The hockey season is wrapping up and the offseason is here! For the Hockey Hut, that means training time! We love the offseason because we love seeing the transformation that happens in players as they put in the time and energy to take their skills to the next level.

We put together 10 key factors in producing the best long-term athlete development program. Start building your player into an elite athlete today, no matter their current skill level!

  1. Have the FUNdamentals:

    Learning basic movement and sports skills should be made fun! Coming up with games, challenges, and partner training drills can add fun to player development. Adding variation in sports and games can help kids build up their skills and develop their overall athleticism.

  2. Avoid Specialization Early On:

    Kids who play multiple sports are more likely to see success in athletics. Sports are defined in two categories: early and late specialization sports. For example, many young girls will start in dance and gymnastics at an early age, but as they develop and grow, many will retire from the sport before age 20. Contrastingly, hockey is a late specialization sport in which most players reach their full potential until their adult years when they are fully developed. By not specializing in a sport early on, kids get greater exposure to athletic development, lower risk of injury, and increase their athletic potential.

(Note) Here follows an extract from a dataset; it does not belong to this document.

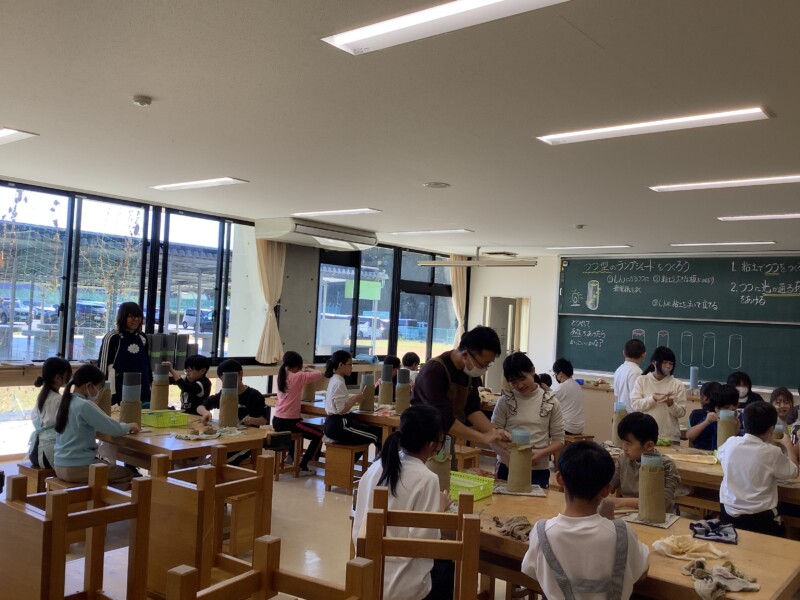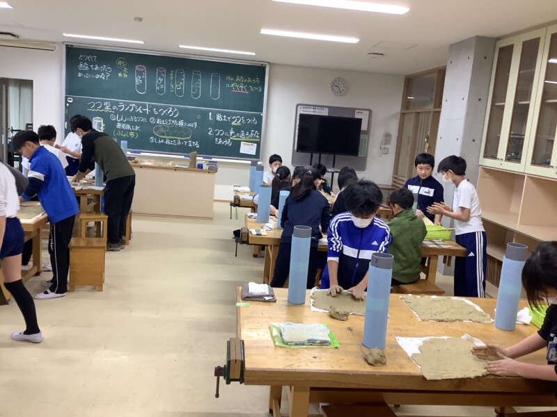12月 25 2025 【5年生】粘土の授業 12月22日と25日に5年生は、図工の授業で粘土作品を作りました。昭和小学校の図工の先生をお招きして、教えていただきました。筒形のランプシェードを作りました。もともと筒状なのかと思いきや、粘土のかたまりを平ぺったくして、筒に巻いて筒状にしています。色んな模様を付けました。灯りをつけるとどんな風に見えるか楽しみです。

  3. Know Your Child’s Trainability:

     As kids develop physically and psychologically, there are clear stages that lend themselves to opportune times for player development. For young players, the first stage of development is focusing on outcomes, rather than development. Ages 6-10 focusing on flexibility and mental growth is important for kids as they learn the psychology of sports and what it means to lose and win. As children develop in the 9-12 year range, it’s time to add in more intense physical training skills and sustenance and structure. This can look like a training regime paired with muscle development and a proper diet.

  4. Apply The Ten-Year Rule:

     The 10-year -10,000 rule is the summation of 10 years of practice at 3 hours a day to become proficient in a sport. This doesn’t mean 10,000 hours of hockey, but rather a mixture of athletic development – running around outside, playing on the playground, swimming in the pool. Research shows that development at this level is needed not only for sports but for any skill we develop such as playing an instrument. It takes a tremendous amount of time to become an elite athlete. This is where player development is crucial to get started early. Talk to a local sports training center and see what is best for your kid.

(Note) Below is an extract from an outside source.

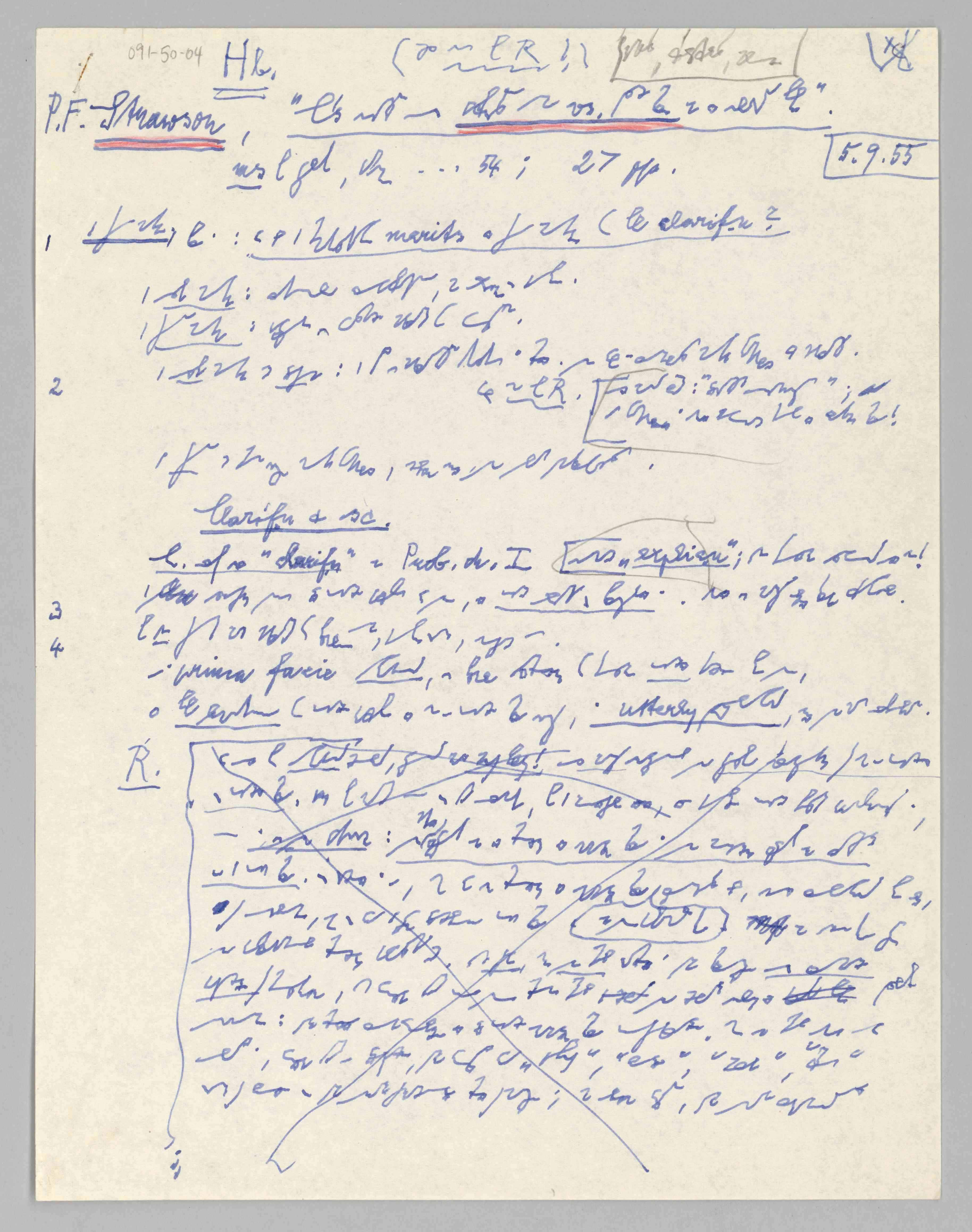 ASP Archive>Carnap Collection>Box 91 >Folder 50a Reply to Strawson, Shorthand Draft (Items 1-4), 1955-1961 (1955/1961)

  5. Don’t Forget the Mental, Cognitive, & Emotional Development:

    Mental training and prep are one of the most overlooked aspects of sports development. Having emotional intelligence is crucial for any player who wants to make it to elite hockey play. Start by talking to your child about how they feel after a game, a hard loss, or a big win, and help them to become self-aware of their own emotions.

  6. Understand Biological Age & Chronological Age:

    Currently, most player development is focused on chronological age, putting kids in the same age group for all of their training. The reality is that sometimes keeps in the same chronological age group maybe 4-5 years apart in their development. You can help develop your player by putting them around players who are close to them in skill or slightly above and not just in their age group. This will help them develop faster and improve their skill set where they are weak.

  7. Choose Your Training Periods Throughout the Year:

    Periodization is the process of breaking down the calendar year into various time intervals of training. These periods include preparation, practice, competition, rest, and recovery. It is critical that athletes optimize their development by applying these periods in their annual training. Research shows that kids should have a two-month period every year between sports where they are able to rest and recover. In addition, in repetition training sports such as baseball and hockey, it is critical that players maintain a healthy rhythm of rest and practice/competition to prevent injury and developmental issues.

  8. Comprehensive Training System:

    Many players will spend time in a club sports team, school sports, and training facilities this year. Each of these can be great for player development while also imposing challenges. Players need to have a clearly defined, structured, and consistent schedule that allows them to develop in a healthy manner. As a parent, you can work with trainers and coaches to make sure everyone is on the same page and has your player’s best interests in mind.

  9. Planning the Calendar For Competitions:

    Every year kids will travel all over the country for tournaments and competitive play. We as parents need to be better at scheduling and allocating our player’s time on the ice, field, or court. This means being open to a training-based schedule throughout the year and not just going from tournament to tournament. Take some time to sit down as a family and determine what your capacity is, how many tournaments you will attend, and book them out in advance. This prevents overplanning and keeps your player healthy all year.

  10. Continuous Improvement: 

          Continuous improvement is a key principle for any athlete’s long-term growth and success. Don’t stop once you think you have reached a goal, rather celebrate the victory, have fun, and look to what is the next                  step. Becoming an elite player requires investment and continual improvement always.